Threat model & accepted risks
This page is constantly evolving. So check back over time to see new additions.
This page is constantly evolving. So check back over time to see new additions.
We consider Nextcloud administrators ultimately trusted. It is for example expected behavior that a Nextcloud administrator can execute arbitrary code.
Due to the usage of the PHP scripting language we do consider Denial of Service not something that can at the moment be completely prevented. See also the article “PHP Denial of Service Attack Revisited“.
We do consider local mounted storage systems as trusted, so if a symlink or something else is configured on the external storage the Nextcloud server will follow it with the web server privileges.
For this reason we do recommend administrators to only use the external storage mount for ultimately trusted content.

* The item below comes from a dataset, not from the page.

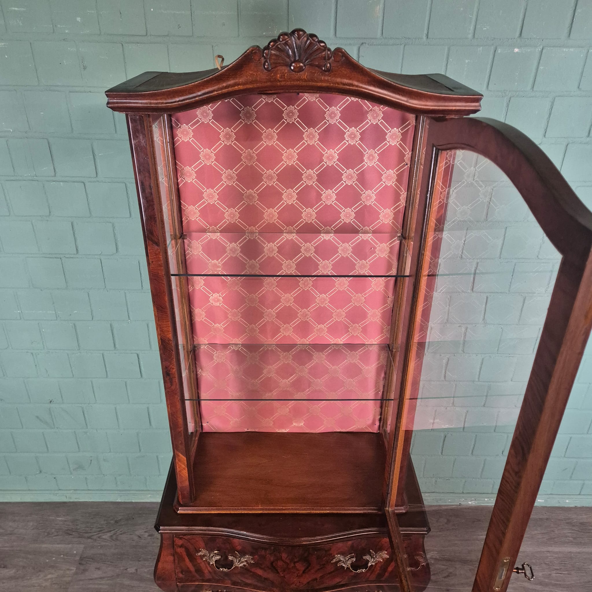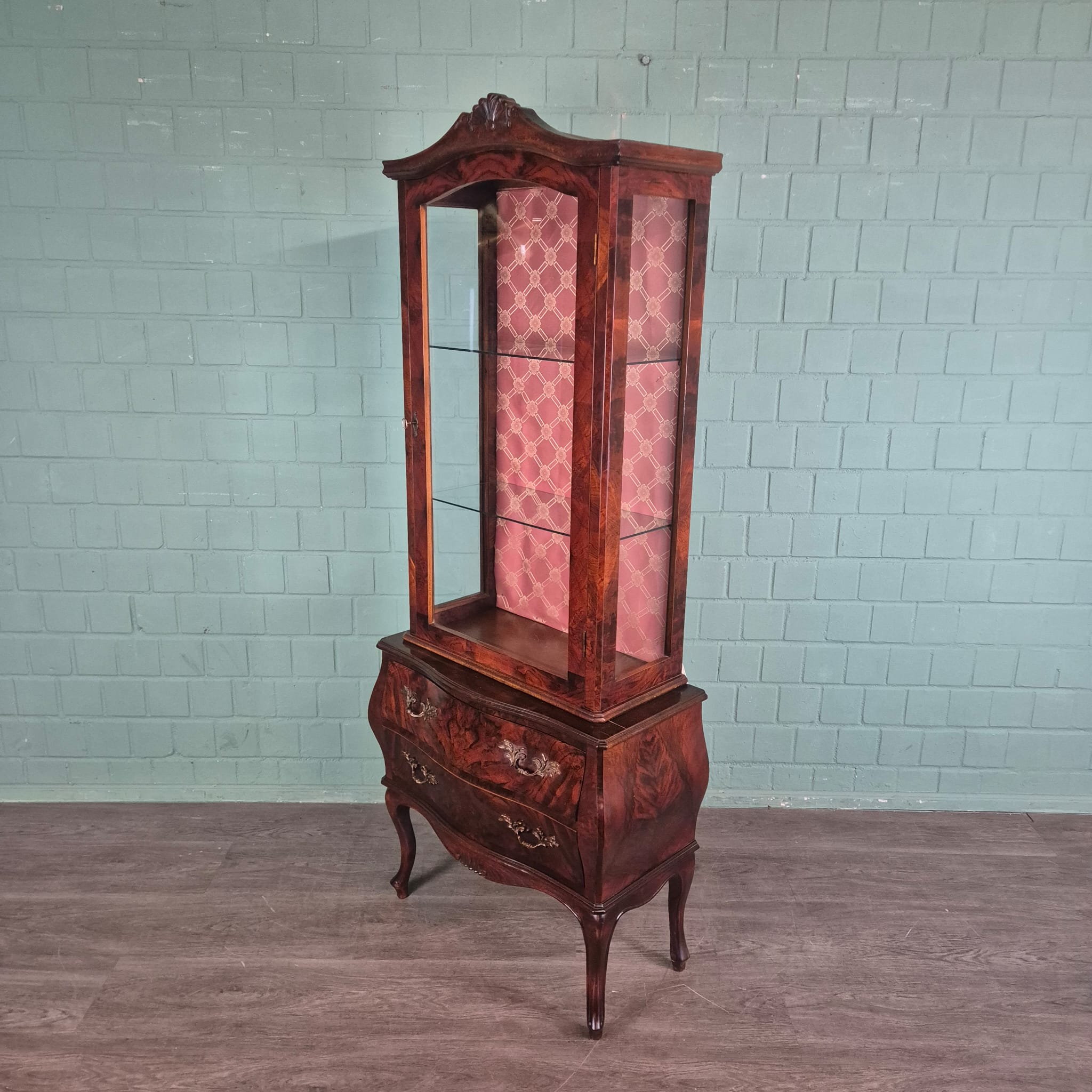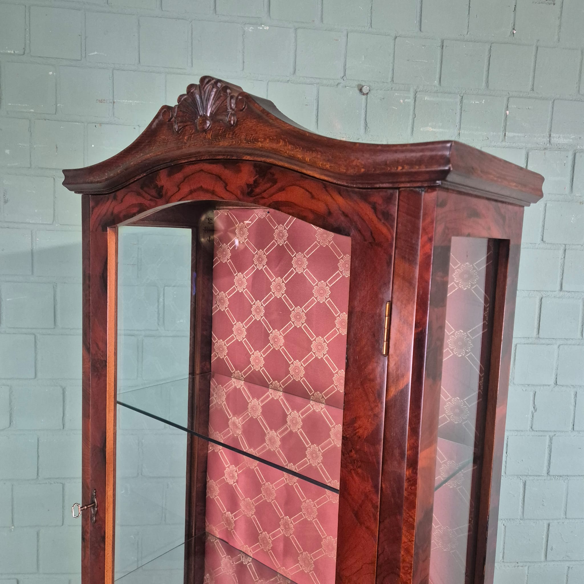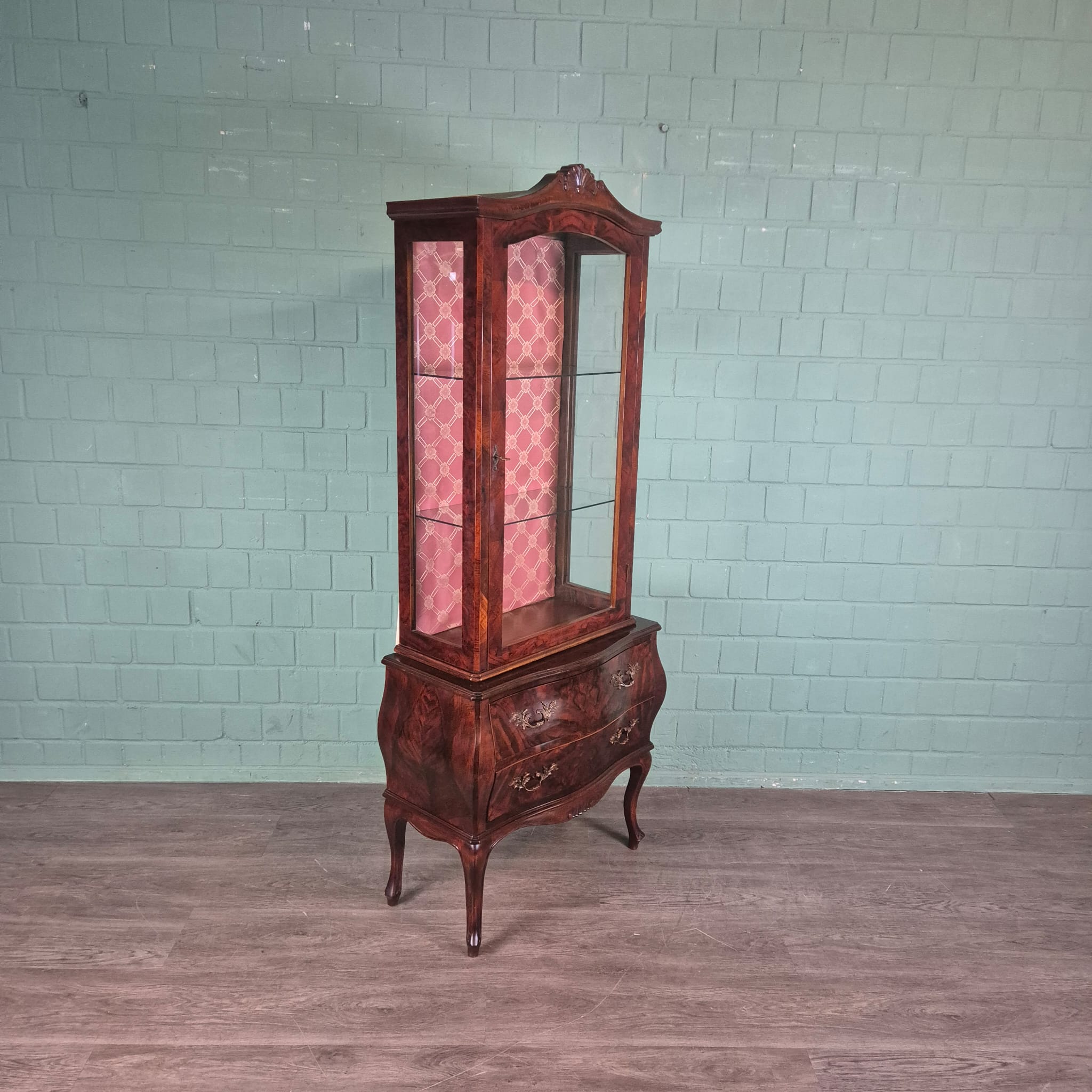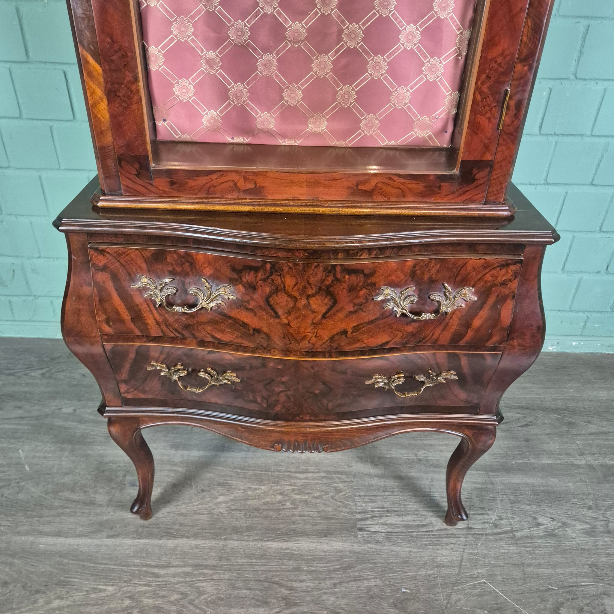 Stilvolle Neubarock Vitrine in Nussbaum furniert von ca. 1950. Der dreiseitig verglaste Schrank befindet sich in einem sehr guten Zustand und weist nur minimale Gebrauchsspuren auf. Zerlegbar (2-teilig).

Nextcloud can be configured to encrypt data at rest. This has two options: server-wide key (default since Nextcloud 13) or per-user key. With the former, the keys are on the server and thus the only protection offered is against external storage. With per-user keys, the keys are encrypted by the user password and handled as securely as possible, thus securing data when the user is not logged in. We are aware that a Nextcloud administrator could still intercept the user password to manually decrypt the encryption key. We do thus only consider attack scenarios bounty-worthy if they include an external storage vector or, with per-user-keys, data-at-rest.
Nextcloud client-side (or end-to-end) encryption is designed to protect user data from the server in nearly all scenario’s, as described in the RFC. Any way to circumvent the protection as covered by the security properties would be treated by us as a security issue. Note that, as of May 2018, the client-side or end-to-end encryption feature is not considered ‘finished’ and no bug bounties are paid out until it is released as a final, stable version, expected in 2020.
Some features in Nextcloud are intentionally marked as insecure and disabled by default (plus have a big warning above them). One example includes the preview providers such as the LibreOffice preview provider. At the moment we consider vulnerabilities in those disabled features as not bounty-worthy.
The audit logging feature in Nextcloud is at the moment missing some logs for things like “Accessing previews of files”, these will be added in a future release and known issues are tracked in our issue tracker.
At the moment we consider version disclosure an accepted risk as an attacker can enumerate service versions using other means as well. (e.g. comparing behaviour)
We do consider attacks involving other Android apps on the device as low or medium risk. Stored files can be hidden from other apps if appropriate storage option is selected inside the app. This should be secure, however, if the phone is compromised we don’t guarantee data safety.
Generally speaking we consider content spoofing not a bounty-worthy vulnerability.
We do not consider user enumeration a security risk as for convenience and for features such as Server-to-Server sharing this is an expected behaviour.
Nextcloud 12 introduced brute force protection. If you find a way in which it is broken, it could qualify as a security issue. Of course we’re aware that using TOR or similar solutions can be used to circumvent IP address based brute force protection. It is also not implemented in all endpoints, but should not allow guessing passwords at great speed from a single IP address.
Nextcloud ships with multiple features that perform sending requests to other hosts, we do consider this accepted behaviour and advocate people to deploy Nextcloud into its own seggregated network segment.